As the Curiosity rover concluded its examination of rock layers found in the Pahrump Hills in Mars' Gale Crater last winter, some of the researchers in the rover team were also analyzing the heavy noble gas xenon in the planet's atmosphere.
The Sample Analysis at Mars (SAM) experiment carried out by Curiosity analyzed samples of xenon taken from the Martian atmosphere. Noble gases are inert chemically, meaning they don't react with other substances on the ground or in the air so their state is a good measure of the atmosphere's history. Xenon is found at low levels in the Red Planet's atmosphere so it can only be measured directly using on-site experiments like SAM.
"Xenon is a fundamental measurement to make on a planet such as Mars or Venus, since it provides essential information to understand the early history of these planets and why they turned out so differently from Earth," said Melissa Trainer, a member of the SAM team.

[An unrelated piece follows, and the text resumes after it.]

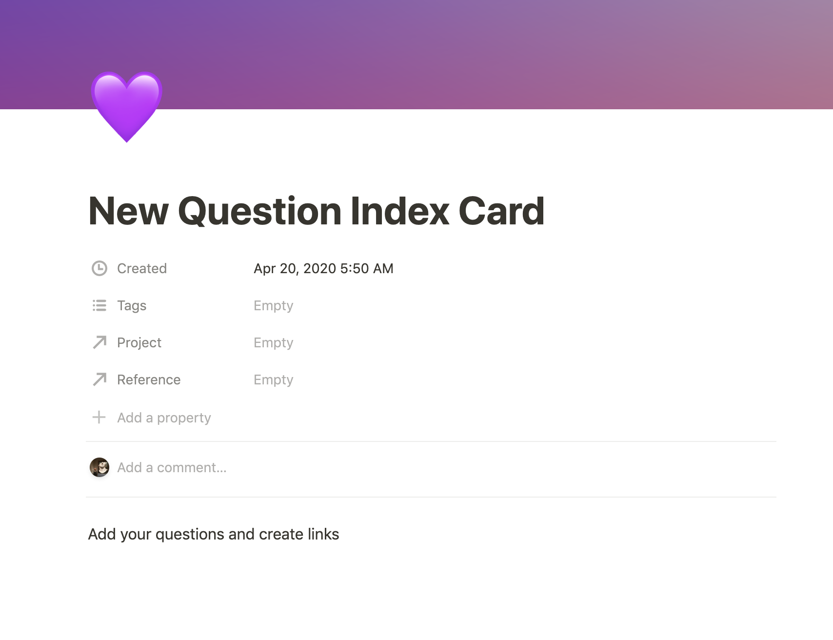 You will have questions in your research. One of the researches have all the outline headings framed as questions. When I created my template from the Questions Index Card, I kept the layout simple. I want this page to grow over time.Here's a new comic about asking questions: http://t.co/0HHT7zwK1s pic.twitter.com/BgJ0Xt29vw

Atmospheres over planets are comprised of different gases which contain varying levels of isotopes. When planets lose their atmospheres, how many isotopes remain will be affected.
Xenon has a special characteristic in which it naturally exists in nine isotopes, all different and ranging between 124 and 136 in atomic mass. This special characteristic aids researchers in learning more about how atmospheric layers were stripped over Mars compared to measuring levels of other gases in the Martian atmosphere.
The SAM experiment works by measuring ratios in the traces of xenon isotopes from earlier parts of Mars' history when an atmospheric escape process was so vigorous that it pulled even heavy xenon gas away. In this process, the lighter isotopes escaped faster than the heavier ones, with ratios left today considered to be signatures of the Martian atmosphere from billions of years ago.
Pan Conrad, deputy principal investigator for SAM, added that they are seeing a notably close match in in-situ data and that of little pieces of the atmosphere left over in some meteorites in Mars.
The SAM experiment also analyzed ratios in isotopes in argon gas before and found that ratios pointed to a continuous loss of the original atmosphere in Mars over time.
Before the SAM experiment was carried out by Curiosity, it underwent months of rigorous testing at the NASA Goddard Space Flight Center. A close simulation of the SAM experiment was done in a chamber mimicking the environment in Mars. Charles Malespin led the tests and developed and optimized instructions to be followed by the SAM experiment in Mars.